Пффффттт!

Одна из книг подпрыгнула на месте, и ее корешок разлетелся со звуком даже более громким, чем звук выстрела.

Патроны не были холостыми.

– Тогда все в порядке, – тихо сказал Алекс. – Нормально. А теперь давайте-ка выясним, что за черт стоит за всем этим.

Он вышел из библиотеки и направился к лестничной площадке.

Глава шестьдесят восьмая

Механическая Рука.

Теперь она знала его имя: Франц Ротенхаузен.

Он выглядел, в основном, так же как и в ее кошмаре: высокий и худощавый, одежда висит как на вешалке. За те десять лет, что она его не видела, он еще больше облысел, но в его волосах не было седины. Его глаза были светло-коричневые, почти желтые, и в этих глазах искрились огоньки безумия, подобно тому как арктическое солнце играет на гранях причудливых льдин.

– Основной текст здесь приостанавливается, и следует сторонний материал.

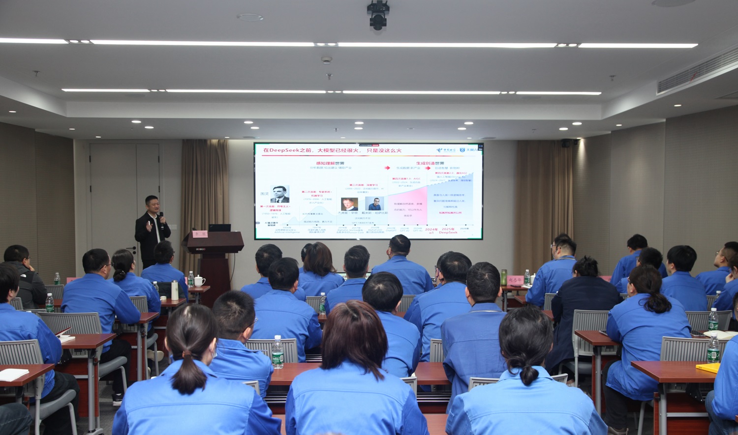 DeepSeek作为先进的人工智能工具,以其强大的能力在各行业展现出巨大的应用潜力,为积极顺应人工智能发展新趋势,推动DeepSeek在集团公司的部署应用,推进集团公司数字化建设迈上新台阶,3月8日上午,0638太阳集团官网召开DeepSeek应用培训会。集团领导全体班子成员,各车间、部室、子公司中层助理及以上管理人员参加会议,滨州0638太阳集团官网、聊城0638太阳集团官网和合肥0638太阳集团官网通过线上视频参会。会议由党委副书记、工会主席盛燕兵主持,特邀中国电信AI人工智能专家主讲。 会上,专家围绕“AI技术本质与产业落地”这一核心主题,分享了人工智能如何重塑纺织行业。重点介绍了AI技术的发展历程、GPU与AI的共生关系、行业大模型与通用大模型的核心差异,以及AI在纺织企业中的创新场景和落地应用。此外专家通过实际案例,深入探讨纺织行业如何通过大模型技术获取有效数据,发挥大数据价值为企业服务。 通过本次培训,员工对人工智能在纺织企业的应用有了更深刻的理解,并为企业降本增效、实现数字化转型提供了新的思路和方法。下一步,0638太阳集团官网将积极探索DeepSeek人工智能与企业研发、生产、管理等环节深度融合,推动“AI+数字化”场景落地应用,赋能企业高质量发展。

Механическая рука была такая же ужасающая, как и в ее снах. Даже более ужасающая, потому что в этот раз Джоанна знала, что не спит, и это не исчезнет, как плохой сон. Блестящие сочлененные стальные пальцы работали, как хватающие ноги некоего плотоядного насекомого, а работа механизмов сопровождалась зловещим жужжанием. Она забыла, что рука подчинялась командам, поступающим от нервных окончаний культи Ротенхаузена, но не питалась ими. Энергия для работы механизмов поступала от батареи, прикрепленной к культе. Эта батарея по размерам не превышала и двух пачек сигарет.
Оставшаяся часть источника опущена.